Aber dann habe ich auch noch etwas anderes behauptet. Ich habe gesagt, dass ich es für ausgesprochen wahrscheinlich halte, dass – trotz der Panikmache, trotz der Vernichtung riesiger Mengen an Lebensmitteln, trotz der Bilder der mutmaßlich giftigen Gurken neben tausendfachen Vergrößerungen der gefährlichen Keime – die spanischen Gurken damit gar nichts zu tun haben. Ich war mir da irgendwie sicher. Denn zu diesem Zeitpunkt handelte es sich ja um einen bloßen Verdacht, der von SpiegelOnline, dem hypernervösen Zappelphillip der deutschen Medienlandschaft, mediendramaturgisch ausgeschlachtet wurde.

Ich sollte Recht behalten. Die arme Gurke war unschuldig und bis heute ist wohl nicht endgültig geklärt, wer für den durch Panikmache entstandenen Schaden haften soll. Ab diesem Zeitpunkt sagten die Studenten immer, wenn ich zu weit vom Thema abkam: „Er schlägt schon wieder die Gurke.“ „Geschlagene Gurke“ ist ein Gericht der chinesischen Küche.

Der Ehec-Fall mag in seiner Ausprägung einige Besonderheiten haben, typisch für das deutsche Mediensystem ist aber, dass Skandalisierungen, Panik-Mache, Ungenauigkeiten bei der Präsentation von Fakten und vor allem die Übernahmen ungesicherter Informationen einen vernunftorientierten Diskurs oft geradezu unmöglich werden lassen, im Zeitalter der Echtzeitkommunikation ganze Lawinen von Informationsmüll lostreten können und es kaum Mechanismen gibt, die den Prozess verlangsamen.

Die ewige Ente

Die zweite Geschichte, die mit meiner Arbeit und mit der China-Berichterstattung noch viel mehr zu tun hatte, nenne ich die ewige Ente. Es war in der Zeit vor der Olympiade. Damals erhielt ich plötzlich und für mich ziemlich unerwartet von Freunden aus Deutschland E-Mails, in denen ich gefragt wurde, ob die chinesische Regierung mich denn auch bald aus dem Land werfen würde. In China hätte man doch jetzt alle ausländischen Studenten ausgewiesen.

Ich hatte damals auch von Visa-Problemen gehört. Insbesondere vor den Olympischen Spielen schien man strenger vorzugehen. Vielleicht versuchte man aber auch einfach, bei der Visa-Vergabe internationale Standards zu erreichen, denn meine Erfahrung sagt mir, dass es in China viele Wege gibt, die offiziellen Bestimmungen zu umgehen. Zwar geschieht es nicht selten, dass Ausländer in China gezwungen werden, das Land zur Visa-Verlängerung zu verlassen. Meist reicht jedoch ein Kurz-Trip nach Hongkong und das Problem ist gelöst.

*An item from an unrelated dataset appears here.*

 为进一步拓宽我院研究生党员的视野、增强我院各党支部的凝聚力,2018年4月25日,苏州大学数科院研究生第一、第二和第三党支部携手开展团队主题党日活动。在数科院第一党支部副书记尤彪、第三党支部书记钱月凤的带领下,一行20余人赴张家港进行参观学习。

Sicher gab und gibt es oft Schwierigkeiten bei der Beantragung eines Visums, aber wer jemals erlebt hat, welche bürokratischen Hürden chinesische Studenten nehmen müssen, die nach Deutschland einreisen möchten, der wird verstehen, dass gerade Deutsche in dieser Frage nicht unbedingt mit Anschuldigungen um sich werfen sollten.

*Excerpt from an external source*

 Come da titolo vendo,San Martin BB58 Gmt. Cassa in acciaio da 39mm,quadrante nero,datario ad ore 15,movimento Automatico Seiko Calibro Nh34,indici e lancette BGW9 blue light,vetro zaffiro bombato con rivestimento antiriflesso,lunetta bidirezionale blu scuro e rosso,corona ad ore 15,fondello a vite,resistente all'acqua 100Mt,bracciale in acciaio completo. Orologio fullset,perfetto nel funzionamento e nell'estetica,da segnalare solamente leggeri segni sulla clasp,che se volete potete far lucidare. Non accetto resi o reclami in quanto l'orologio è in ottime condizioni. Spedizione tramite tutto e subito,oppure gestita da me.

Um die Geschichte abzukürzen: Die DPA-Meldung, auf der die Medienberichterstattung der Tageszeitungen und Online-Medien beruhte, war eine Falschmeldung – eine Ente. An der ganzen Geschichte war im Grunde nichts dran. Dass sich sachliche Fehler in die Berichterstattung einschleichen, ist ja nichts Außergewöhnliches. Jedem Journalisten, sei er noch so gewissenhaft, unterlaufen Fehler. Allerdings ist in diesem Fall das Ausmaß schon sehr erschreckend. Eine offizielle Anweisung, die ausländischen Studenten während der Olympischen Spiele auszuweisen, ist ein so unwahrscheinliches Ereignis, dass ich mich damals gefragt habe, welche Vorstellung denn in den Köpfen der Verantwortlichen vorherrscht – und wie der Unsinn dort hineingekommen ist -, wenn sie so einen Unfug einfach unreflektiert übernehmen, ohne den Wahrheitsgehalt zu prüfen.

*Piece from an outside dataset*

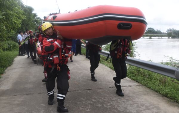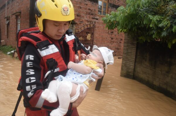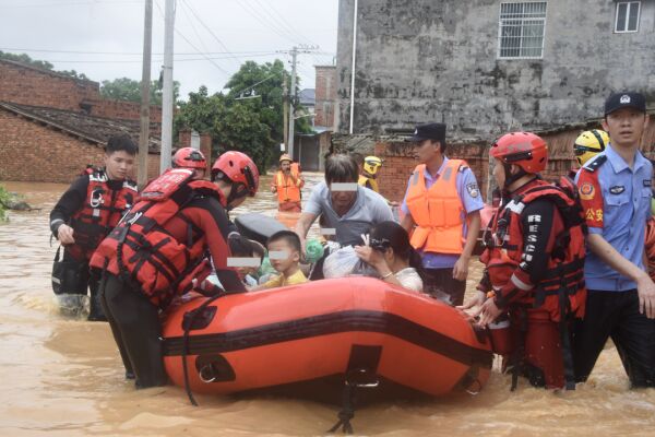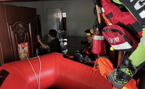 目前,消防救援人员仍奋战在抗洪抢险救援一线。

Die Olympischen Spiele wurden in China auch vom einfachen Volk als eine Gelegenheit gesehen, sich der Welt von seiner besten Seite zu präsentieren. Viele Zuschauer hätten sich mehr Offenheit und Herzlichkeit und weniger bombastischen Perfektionismus gewünscht und auch ich fand die offizielle Inszenierung der chinesischen Nation teilweise sehr abweisend. Allerdings herrschte damals in der gesamten Bevölkerung eine nahezu fanatische Freude, jetzt einmal selbst Gastgeber einer solchen globalen Veranstaltung zu sein. Ganze Horden von Freiwilligen bereiteten den Empfang der internationalen Besucher vor. Eine Anweisung, ausländische Studenten auszuweisen, hätte niemand in China ernsthaft befürwortet. Das hätte man wissen können. Das nehme ich den deutschen Medien, insbesondere dem Spiegel, der damals gerade den Weltkrieg um Wohlstand ausgerufen hatte, bis heute übel.

Und warum die „ewige“ Ente? Ganz einfach: Das Netz vergisst nichts, zumindest dann nicht, wenn man es nicht explizit dazu auffordert. Und bis auf SpOn hat sich bis heute kein Online-Medium die Mühe gemacht, diesen Unfug zu korrigieren.

Und somit bleibt diese hektisch herausposaunte Legende für immer im Netz der kollektiven Erinnerung hängen. Die Ausweisung der Gaststudenten während der Olympiade gehört heute zu China wie die Glückskekse nach dem Essen. Ach, in China gibt es gar keine Glückskekse? Nein? Das ist ja ein Ding!